# EU6500i Tri Fuel Conversion



## Jackruf (Nov 4, 2012)

Over the weekend I undertook a successful conversion of my EU6500i to tri fuel. Other than reconnecting those impossible to reach retention clips on the air box (I still can't reach the back lower), the conversion was quite easy.

I have a question regarding the adjustment of the load block. When running on gasoline, without a load, the generator idles at around 3300 and 2400 in eco mode. Without a load, I find that the idle is no at all sensitive to the load block adjustment, Starting at about 6 turns out from fully closed, I can turn it several revolutions in either direction with absolutely no effect on the RPM. Is this normal?

My other question is how do I properly set the load block for a full load. Do I simply simulate a full load on the generator and target an RPM of 3400 for the load block adjustment?

What is confusing is that I undertook the conversion in the past on a conventional generator and the target RPM was of course 3600. Is the RPM less relevant because of the inverter technology on this machine?

I probably should have added that this is the USCARB Snorkel conversion kit.

Thanks in advance for comments.

Andy


----------



## 89yt12 (Sep 20, 2010)

Have you tried to contact Hondas tech support???

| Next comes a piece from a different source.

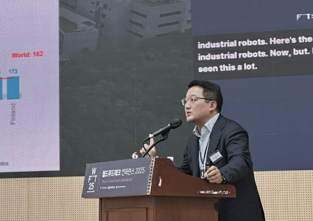 "지금까지 푸드 로보틱스는 자동화에 머물렀지만, 앞으로는 학습과 적응이 가능한 지능형 로봇으로 나아가야 합니다." 이동원 홍콩과기대학(HKUST) 교수가 13일 서울 한국과학기술회관에서 열린 '월드푸드테크 2025 컨퍼런스'에서 푸드 로보틱스 산업의 자동화 현황과 과제, 피지컬 인공지능(AI)의 필요성을 짚었다. 이 교수는 푸드테크 인더스트리 투자가인 데이비드 프라이버그의 발언을 인용하며 "올해는 로봇과 자율 시스템이 농업과 식품 산업을 변혁시키는 원년이 될 것"이라고 전했다. 그는 "식품 산업 전 과정이 자동화·지능화로 재편될 것이며, 그 핵심은 데이터"라며 "데이터를 쌓으려면 로봇이 현장에 투입돼야 한다. 로봇이 움직이며 데이터를 축적하고, 그 데이터가 다시 AI를 진화시키는 구조"라고 설명했다. 이 교수는 식품 가치사슬 전 단계에서 자동화 기술이 빠르게 확산 중이라고 분석했다. 그는 "생산 단계에서는 무인 방제 드론·수확 로봇·자율주행 트랙터가, 유통 단계에서는 스마트 물류 로봇이 도입되고 있다"며 "조리·가공 단계에서는 튀김·조립 등 단순 작업 자동화가 진행됐지만, 라면 끓이기처럼 섬세한 조리는 여전히 어렵다"고 말했다. 또 "서빙·배달 단계에서는 베어로보틱스 같은 자율주행 서빙 로봇이, 소비 이후 단계에서는 음식물 쓰레기 분류나 설거지 자동화 기술이 등장하고 있다"며 "푸드 밸류체인 전체에 걸쳐 로봇이 확산되고 있다"고 짚었다. 그는 "식품 산업은 다른 제조업에 비해 로봇 밀도 가 현저히 낮다"며 그 이유로 낮은 수익 구조(ROI) 와 위생 규제, 비정형 작업 환경을 꼽았다. "식품 산업은 임금 수준이 낮고, 장비 투자비용이 높다. 로봇을 도입해도 투자 회수가 어렵다"고 꼬집었다. 이 교수는 "식품은 균질하지 않다. 같은 재료라도 누가 만들었는지에 따라 맛이 달라지는 등 품질 편차가 크다"며 "로봇이 이런 비정형 환경에서 일관된 품질을 내기 어렵다"고 말했다. 여기에 "식품 위생 규제, 교차 오염 방지 기준, 재질 인증 등도 도입 장벽으로 작용한다"며 "이 때문에 국내 식품 산업의 자동화 수준은 자동차나 반도체에 비해 매우 낮은 편"이라고 덧붙였다. 이 교수는 "지금까지의 로봇은 룰 기반 자동화에 머물렀다"며 "정해진 공간 안에서 프로그래밍된 동작만 수행하기 때문에 식재료 상태 변화나 환경 변수에 대응하지 못한다"고 지적했다. 그는 "피지컬 AI는 이런 한계를 넘기 위한 접근"이라며 "비정형 환경에서도 스스로 판단하고, 시각·촉각·후각 데이터를 학습해 대응할 수 있어야 한다"고 말했다. 일례로 "계란을 한 번 깨본 로봇은 그 경험을 바탕으로 메추리알이나 타조알도 적절히 깨뜨릴 수 있어야 한다"며 "이런 범용적 지능이 바로 피지컬 AI가 지향하는 목표"라고 설명했다. 이 교수는 "라면 끓이기는 피지컬 AI의 대표적 벤치마크 과제가 될 것"이라고 평가했다. 그는 "머신러닝 초기엔 '개와 고양이 구분하기'가 상징적 과제였듯, 로보틱스 분야에서는 '라면을 끓일 수 있는가'가 지능형 로봇의 시험대가 될 것"이라고 했다. 이어 "라면 끓이기를 완전히 자동화할 수 있다면, 그건 인간 수준의 감각과 적응 능력을 로봇이 갖췄다는 의미가 된다"며 "피지컬 AI는 바로 그런 학습 기반의 지능화를 목표로 한다"고 강조했다. 이 교수는 “피지컬 AI의 발전을 위해선 시각-언어-행동(VLA)을 통합하는 모델이 필요하다"고 말했다. "하나의 파운데이션 모델로 엮어야 로봇이 현실 상황을 보고 이해하고, 그에 맞는 행동을 선택할 수 있다"고 설명했다. 그는 "한 번도 본 적 없는 새로운 식재료나 메뉴에도 별도 프로그래밍 없이 적응해야 한다"며 "계절 변화나 재료의 차이를 인식해 실시간으로 대응하는 능력이 피지컬 AI의 핵심"이라고 덧붙였다. 이 교수는 발표를 마무리하며 "현실은 이상에 비해 갈 길이 멀다"고 했다. 그는 "현재 최고 수준 로봇 기술도 아직 물병을 인식하고 뚜껑을 여는 수준에 머물러 있다"며 "사람에게는 쉬운 일이지만 로봇에게는 여전히 가장 어려운 영역"이라고 전했다. 그러면서 "하지만 이런 과제들을 하나씩 해결하면서 피지컬 AI는 점차 현실로 다가오게 될 것"이라고 강조했다.

Im sorry, Im pretty much Onan RV and basic portable gennys


----------



## Robert Coats (Nov 10, 2011)

Jackruf said:


> What is confusing is that I undertook the conversion in the past on a conventional generator and the target RPM was of course 3600. Is the RPM less relevant because of the inverter technology on this machine?


Out-of-the-box and running on gasoline, the EU6500is uses a microprocessor to control the engine speed. There is a stepper motor on the throttle, and the brain makes the throttle open or close as needed to match the load (when Eco-Throttle is ON). The engine runs almost wide-open when Eco-Throttle is OFF. 

Not sure if that process if effected by a different fuel (propane or LNG) compared to gasoline. Might want to speak with the supplier of the kit, as Honda's resources only support stock gasoline operation. 

[email protected]
_Caveat: I work for Honda, but the preceding is my opinion alone._


----------